Jie Bai et al. Gene.

Abstract

Plasmid-mediated transfer of drug-resistance genes among various bacterial species is considered one of the most important mechanisms for the spread of multidrug resistance. To gain insights into the evolution of gene organization and antimicrobial resistance in clinical bacterial samples, a complete plasmid genome of Klebsiella pneumoniae pKF3-140 is determined, which has a circular chromosome of 147,416bp in length. Among the 203 predicted genes, 142 have function assignment and about 50 appear to be involved in plasmid replication, maintenance, conjugative transfer, iron acquisition and transport, and drug resistance.

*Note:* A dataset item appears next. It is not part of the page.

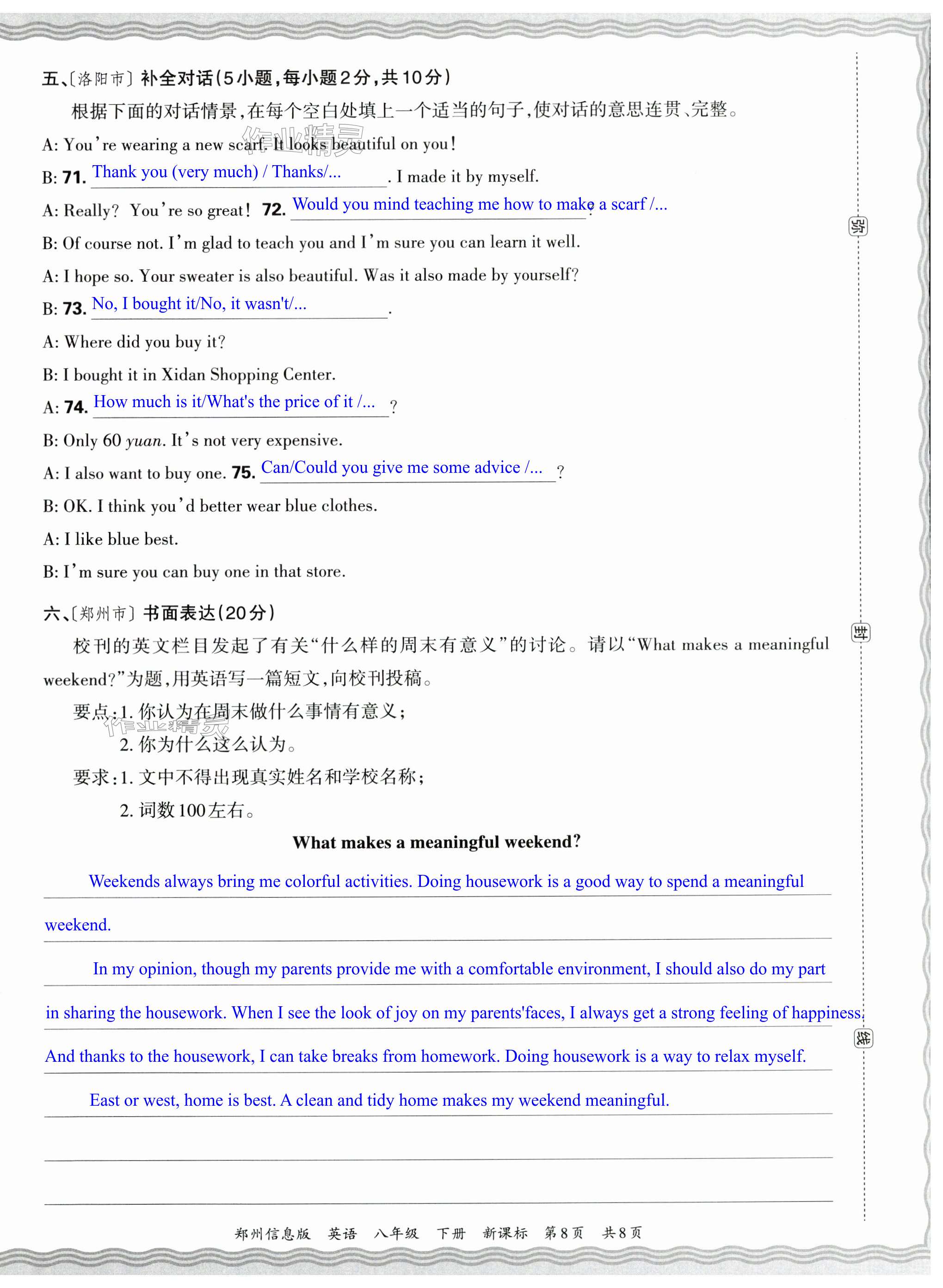 《2024年王朝霞期末真题精编八年级英语下册仁爱版郑州专版》
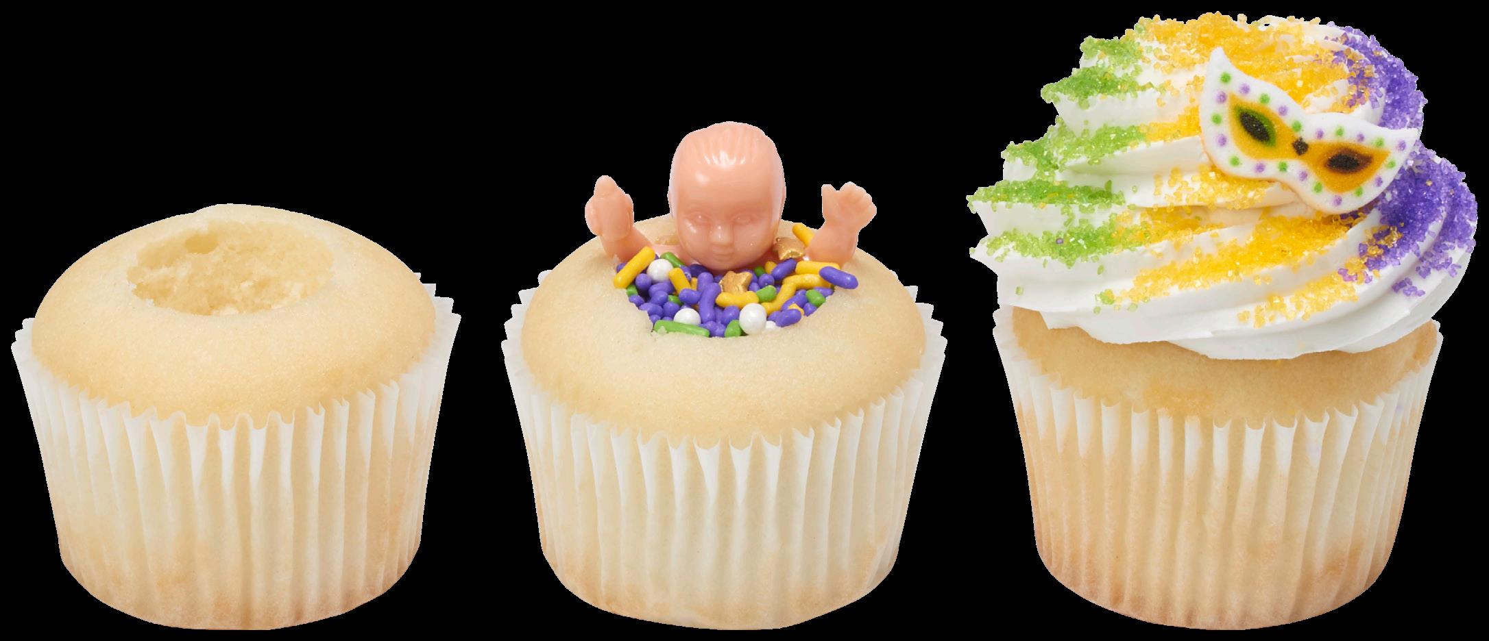 DECOPAC.COM 9 Layons MARDI GRAS MASKS #24738 Pop Tops® 12/Pkg – 3.95” × 4.6” – $10.52 Pop Tops® BABY KINGS CAKE #16260 Layon 24/Pkg – 1.1” × 1.45” h – $5.88 Shown: #24738 Mardi Gras Mask Pop Tops® Nobody puts baby in a...cake? For Mardi Gras, yes we do! Dig out a hole in your cupcake, then add in the Baby King Cake Layon with your choice of sprinkles, and pipe over all of it! VOILA! A personalized hidden Kings Cake Baby for customers.

Extensive comparative genomic analyses revealed that pKF3-140 exhibits a rather low sequence similarity and structural conservation with other reported K. pneumoniae plasmids. In contrast, the overall organization of pKF3-140 is highly similar to Escherichia coli plasmids p1ESCUM and pUTI89, which indicates the possibility that K. pneumoniae pKF3-140 may have a potential origin in E. coli. Meanwhile, interestingly, several drug resistant genes show high similarity to the plasmid pU302L in Salmonella enterica serovar Typhimurium U302 strain G8430 and the plasmid pK245 in K. pneumoniae. This mosaic pattern of sequence similarities suggests that pKF3-140 might have arisen from E. coli and acquired the resistance genes from a variety of enteric bacteria and underscores the importance of a further understanding of horizontal gene transfer among enteric bacteria.